Remember listening to the Beatles, the Doors, the Beach Boys and the Rolling Stones? Some of us even remember the DJ’s who “programmed” our young minds back then. Terry Kohl sent in an article about the world of Radio that we all remember......
Blast From The Past Is Business With A Future
By
Terry Kohl
February 2005
Want to feel like a kid again? No, it’s not a new pill, diet, or exercise program. In fact, it’s about putting your feet up, closing your eyes and dreaming back down the corridor of time.
Remember when the ear plugs of your transistor radio were all you needed to “escape”? Remember listening to the Beatles, the Doors, the Beach Boys and the Rolling Stones? Some of us even remember the DJ’s who “programmed” our young minds back then. Clark Weber in the morning, Ron Riley, Dex Card, Art Roberts, Larry Lujack, Bob Sirott - names that practically put you in a premeditative state as you drift back in time.
As a young man, Tom Konard was captivated by the radio dial and all the channel powerhouses he could pick up at night. As his hobby of finding and listening grew, so did the map he tacked to the wall, pins showing the cities his radio dial discovered.
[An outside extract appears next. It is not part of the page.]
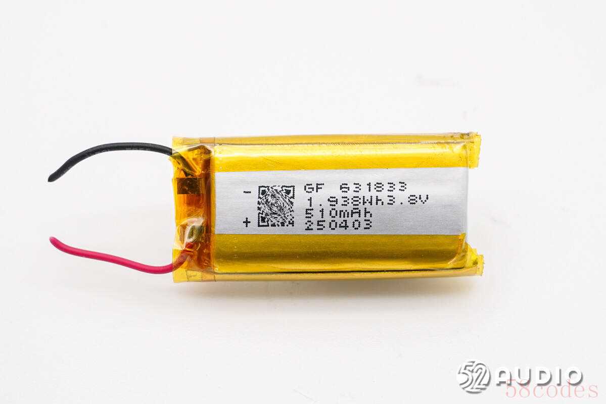 充电盒内置锂电池型号:GF 631833,额定容量:510mAh 1.938Wh,标称电压:3.8V,来自GF新余赣锋。
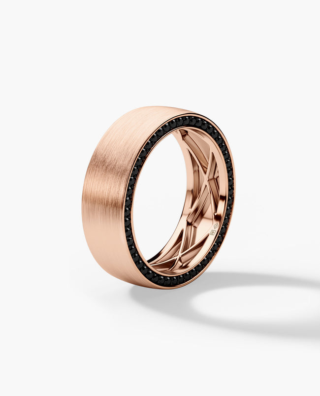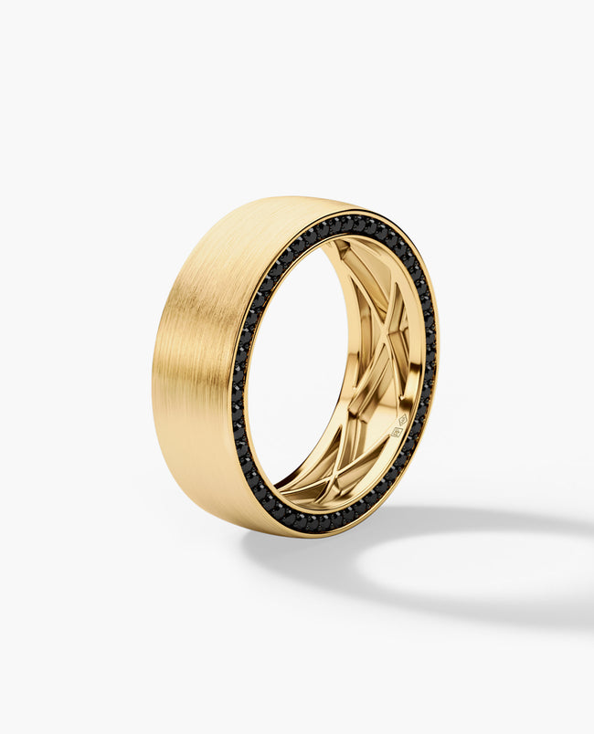 We named our JERRITT men's wedding band after the gigantic gold mine in the state that invented 'Go big or go home.' The opulent JERRITT wedding band is for men of intensity: men who don’t settle for anything less than the exceptional.

A radio nut was born!
In 1970 Konard landed a job in the mailroom at WCFL, the chief rival of Chicago’s very popular WLS, and was often seen hanging around teen dances with some of the DJ “biggies” - Biondi and Barney Pip, for example. Konard began saving aircheck tapes. In radio “speak” an aircheck is simply a recording made off the air. Airchecks can be scoped or unscoped. “Unscoped” means the recording runs continuously, uncut, and without breaks.
This material grew as he began mailing blank tapes to engineers around the country asking them to run airchecks. That led to a service Konard offered called, “Around The Dial”. This was a feature based on Buddy Blake’s old, “Around The Country”, from Programmer’s Digest. Blake would use scoped airchecks from around the U.S. to sample what was happening in radio the previous month. Though unplanned, a career was emerging for Konard.
Each month, beginning in October of 1976, Konard put out a cassette (actually, for the first year they were on reels as well) with radio snippets introduced by a DJ and narrated by Michael Black, a DJ in San Antonio. Eventually, John Quincy in Charleston took over narration duties until “Around The Dial” ended in 1989.
Konard began adding other jocks from different markets and sold them to station programmers so that they could all eavesdrop on what each other was doing (a common practice at the time). He even sold DJ’s tapes of themselves from work they had done in earlier years. His collection of airchecks grew almost as fast as the business, now known as “The Aircheck Factory”.
The Aircheck Factory (www.theaircheckfactory.com) offers tapes of the young Don Imus, Barney Pip, The Real Don Steele, Alan Freed, Murray the K, Mad Daddy, “Big” Ron O’Brien and of course, Wolfman Jack to name a few. The 1 hour issues of “Around The Dial” are all still available as well as radio jingle packages from the ‘60’s, ‘70’s, and ‘80’s. Konard has even been preserving the original reel-to-reel tapes of valuable airchecks by duplicating them to digital mini-discs. You can also find Top 40 survey reproductions and photo’s of DJ’s in their heyday.
In 1981, The Aircheck Factory moved from Chicago to Wild Rose, WI., a beautiful pine covered, rural area where Konard restored an old barn to house his work. It’s from here that orders are shipped all over the world, insuring that the voices of radio live on. Konard is proof that the past is everything it’s cracked up to be!